- Task item
Reproduce every record below exactly as written, but leave out any pictures.
** Opening Extracted entries block **
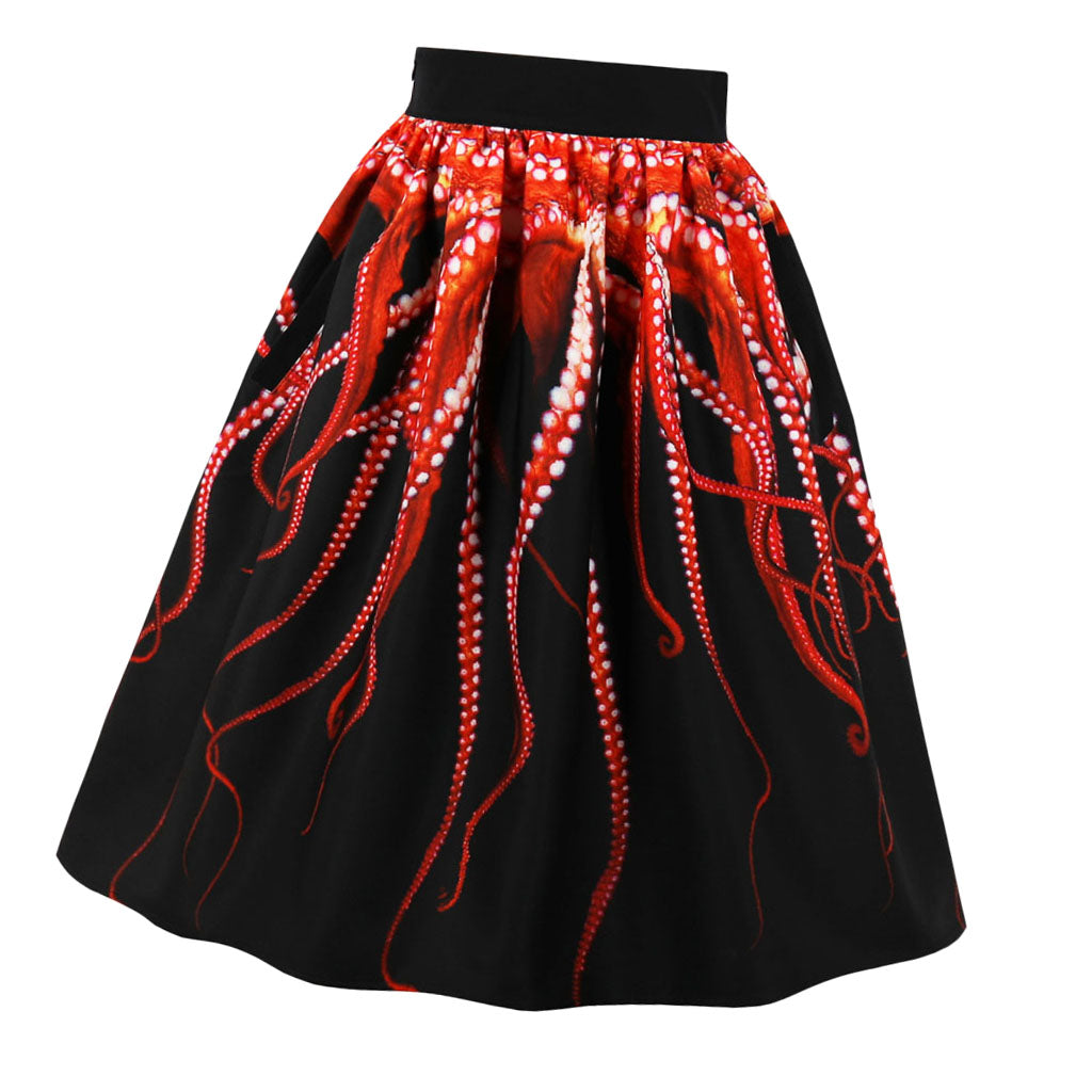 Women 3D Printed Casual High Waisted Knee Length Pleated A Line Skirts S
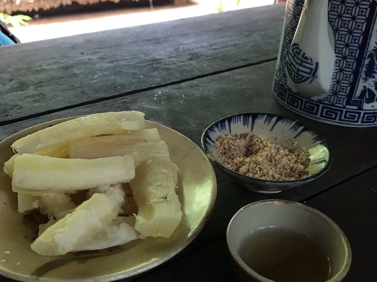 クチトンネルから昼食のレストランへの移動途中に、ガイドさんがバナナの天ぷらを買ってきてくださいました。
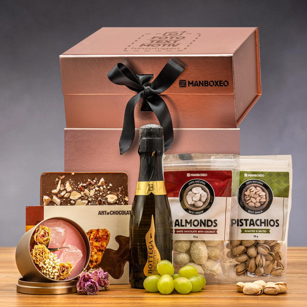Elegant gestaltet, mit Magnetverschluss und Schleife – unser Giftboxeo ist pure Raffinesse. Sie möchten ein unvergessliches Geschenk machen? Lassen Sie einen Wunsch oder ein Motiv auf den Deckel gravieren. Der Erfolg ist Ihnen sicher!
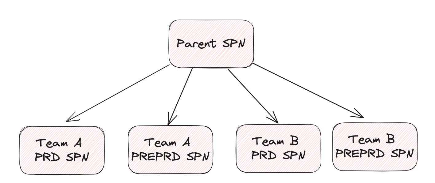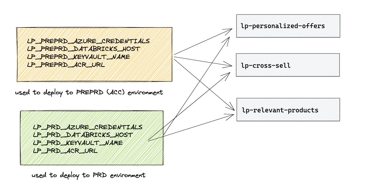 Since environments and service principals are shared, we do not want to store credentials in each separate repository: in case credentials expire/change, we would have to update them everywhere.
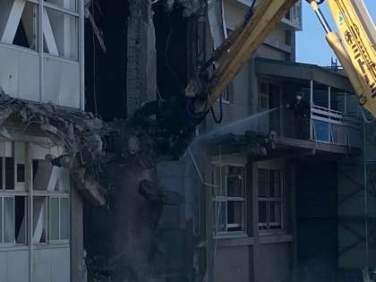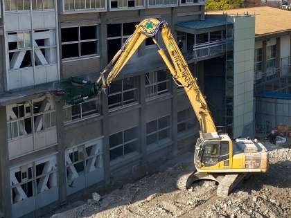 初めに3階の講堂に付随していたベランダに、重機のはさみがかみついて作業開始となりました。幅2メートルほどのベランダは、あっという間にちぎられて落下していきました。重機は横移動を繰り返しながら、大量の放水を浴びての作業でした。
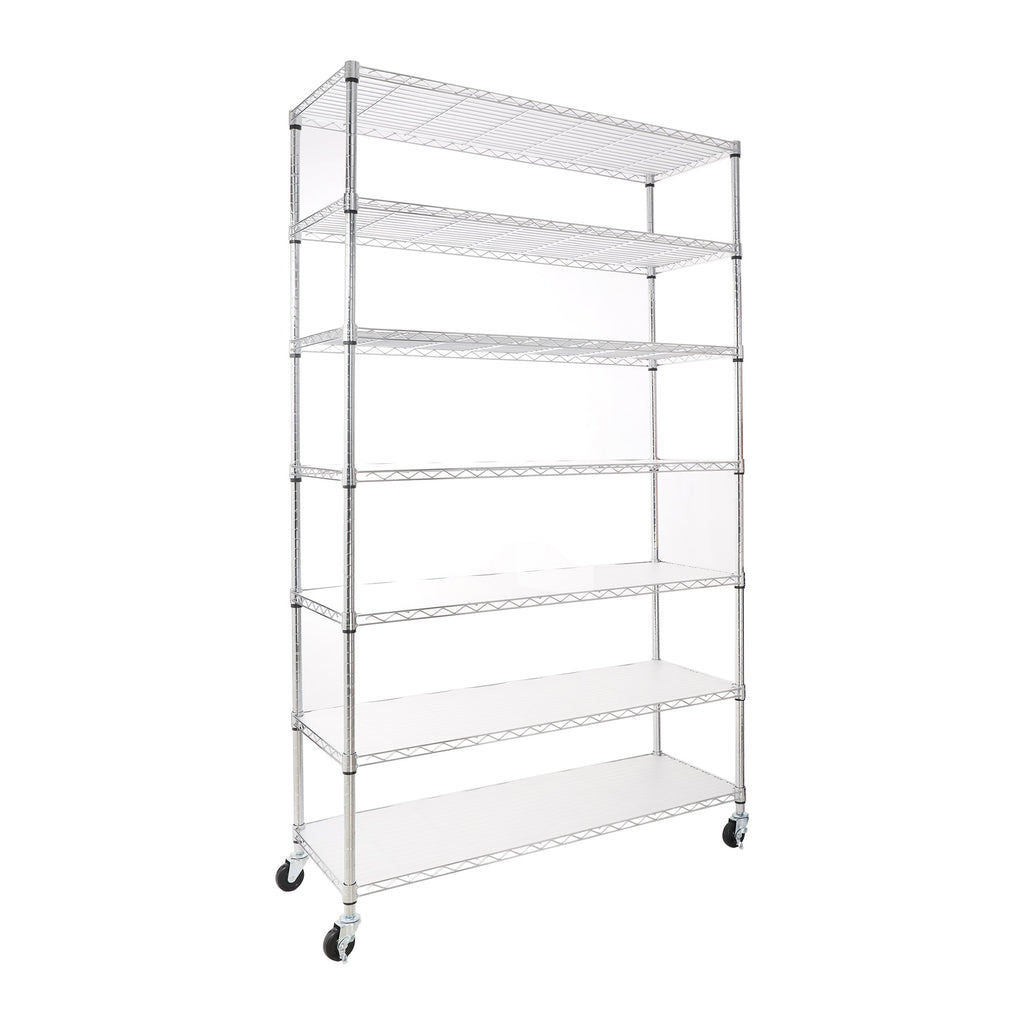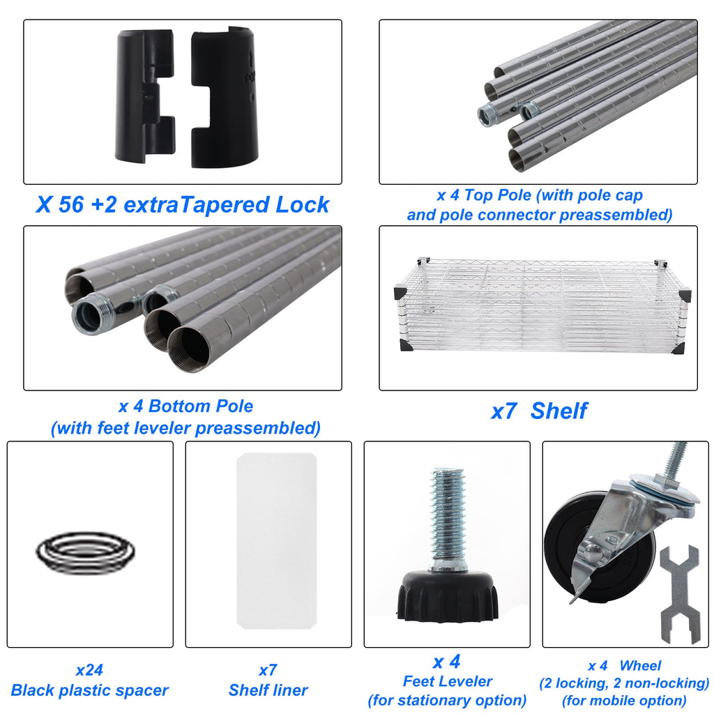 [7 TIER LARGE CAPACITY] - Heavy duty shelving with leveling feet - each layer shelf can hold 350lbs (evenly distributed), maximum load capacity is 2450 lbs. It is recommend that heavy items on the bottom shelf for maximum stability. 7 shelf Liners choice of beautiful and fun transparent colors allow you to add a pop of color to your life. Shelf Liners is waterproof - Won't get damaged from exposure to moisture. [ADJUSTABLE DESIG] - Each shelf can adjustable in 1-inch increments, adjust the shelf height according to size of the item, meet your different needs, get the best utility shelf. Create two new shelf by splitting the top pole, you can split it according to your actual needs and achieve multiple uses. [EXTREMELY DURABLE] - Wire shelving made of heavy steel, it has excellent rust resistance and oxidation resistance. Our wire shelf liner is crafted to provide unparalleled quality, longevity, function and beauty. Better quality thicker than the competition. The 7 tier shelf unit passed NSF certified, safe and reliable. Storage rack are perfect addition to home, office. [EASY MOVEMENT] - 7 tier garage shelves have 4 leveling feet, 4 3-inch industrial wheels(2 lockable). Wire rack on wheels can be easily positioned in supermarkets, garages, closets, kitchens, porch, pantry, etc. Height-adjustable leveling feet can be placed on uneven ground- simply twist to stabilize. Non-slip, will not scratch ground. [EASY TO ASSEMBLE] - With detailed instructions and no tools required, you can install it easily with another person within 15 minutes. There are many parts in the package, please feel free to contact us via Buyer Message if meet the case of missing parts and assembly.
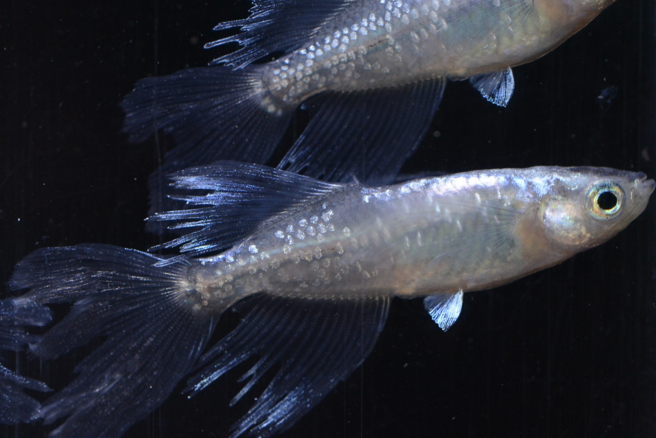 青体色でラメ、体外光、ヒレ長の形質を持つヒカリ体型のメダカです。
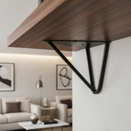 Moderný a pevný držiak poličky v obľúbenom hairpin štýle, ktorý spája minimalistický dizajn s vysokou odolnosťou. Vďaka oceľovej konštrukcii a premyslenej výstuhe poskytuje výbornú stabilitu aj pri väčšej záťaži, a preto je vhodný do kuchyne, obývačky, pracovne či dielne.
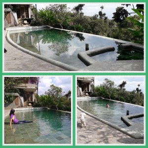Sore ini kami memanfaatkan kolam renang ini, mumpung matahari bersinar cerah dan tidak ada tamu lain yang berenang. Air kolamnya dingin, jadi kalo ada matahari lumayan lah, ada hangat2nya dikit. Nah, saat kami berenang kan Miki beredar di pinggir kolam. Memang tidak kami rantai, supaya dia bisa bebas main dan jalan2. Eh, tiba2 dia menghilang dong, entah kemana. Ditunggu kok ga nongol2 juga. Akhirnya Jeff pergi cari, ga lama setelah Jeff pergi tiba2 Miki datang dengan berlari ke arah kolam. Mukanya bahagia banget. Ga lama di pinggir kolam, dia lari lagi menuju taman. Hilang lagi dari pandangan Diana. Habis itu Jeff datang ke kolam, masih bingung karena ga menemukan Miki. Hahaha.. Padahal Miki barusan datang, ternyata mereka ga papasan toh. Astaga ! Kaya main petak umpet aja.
** Closing Extracted entries block **
- Completed exercise
 Women 3D Printed Casual High Waisted Knee Length Pleated A Line Skirts S
 クチトンネルから昼食のレストランへの移動途中に、ガイドさんがバナナの天ぷらを買ってきてくださいました。
Elegant gestaltet, mit Magnetverschluss und Schleife – unser Giftboxeo ist pure Raffinesse. Sie möchten ein unvergessliches Geschenk machen? Lassen Sie einen Wunsch oder ein Motiv auf den Deckel gravieren. Der Erfolg ist Ihnen sicher!
 Since environments and service principals are shared, we do not want to store credentials in each separate repository: in case credentials expire/change, we would have to update them everywhere.
 初めに3階の講堂に付随していたベランダに、重機のはさみがかみついて作業開始となりました。幅2メートルほどのベランダは、あっという間にちぎられて落下していきました。重機は横移動を繰り返しながら、大量の放水を浴びての作業でした。
 [7 TIER LARGE CAPACITY] - Heavy duty shelving with leveling feet - each layer shelf can hold 350lbs (evenly distributed), maximum load capacity is 2450 lbs. It is recommend that heavy items on the bottom shelf for maximum stability. 7 shelf Liners choice of beautiful and fun transparent colors allow you to add a pop of color to your life. Shelf Liners is waterproof - Won't get damaged from exposure to moisture. [ADJUSTABLE DESIG] - Each shelf can adjustable in 1-inch increments, adjust the shelf height according to size of the item, meet your different needs, get the best utility shelf. Create two new shelf by splitting the top pole, you can split it according to your actual needs and achieve multiple uses. [EXTREMELY DURABLE] - Wire shelving made of heavy steel, it has excellent rust resistance and oxidation resistance. Our wire shelf liner is crafted to provide unparalleled quality, longevity, function and beauty. Better quality thicker than the competition. The 7 tier shelf unit passed NSF certified, safe and reliable. Storage rack are perfect addition to home, office. [EASY MOVEMENT] - 7 tier garage shelves have 4 leveling feet, 4 3-inch industrial wheels(2 lockable). Wire rack on wheels can be easily positioned in supermarkets, garages, closets, kitchens, porch, pantry, etc. Height-adjustable leveling feet can be placed on uneven ground- simply twist to stabilize. Non-slip, will not scratch ground. [EASY TO ASSEMBLE] - With detailed instructions and no tools required, you can install it easily with another person within 15 minutes. There are many parts in the package, please feel free to contact us via Buyer Message if meet the case of missing parts and assembly.
 青体色でラメ、体外光、ヒレ長の形質を持つヒカリ体型のメダカです。
 Moderný a pevný držiak poličky v obľúbenom hairpin štýle, ktorý spája minimalistický dizajn s vysokou odolnosťou. Vďaka oceľovej konštrukcii a premyslenej výstuhe poskytuje výbornú stabilitu aj pri väčšej záťaži, a preto je vhodný do kuchyne, obývačky, pracovne či dielne.
Sore ini kami memanfaatkan kolam renang ini, mumpung matahari bersinar cerah dan tidak ada tamu lain yang berenang. Air kolamnya dingin, jadi kalo ada matahari lumayan lah, ada hangat2nya dikit. Nah, saat kami berenang kan Miki beredar di pinggir kolam. Memang tidak kami rantai, supaya dia bisa bebas main dan jalan2. Eh, tiba2 dia menghilang dong, entah kemana. Ditunggu kok ga nongol2 juga. Akhirnya Jeff pergi cari, ga lama setelah Jeff pergi tiba2 Miki datang dengan berlari ke arah kolam. Mukanya bahagia banget. Ga lama di pinggir kolam, dia lari lagi menuju taman. Hilang lagi dari pandangan Diana. Habis itu Jeff datang ke kolam, masih bingung karena ga menemukan Miki. Hahaha.. Padahal Miki barusan datang, ternyata mereka ga papasan toh. Astaga ! Kaya main petak umpet aja.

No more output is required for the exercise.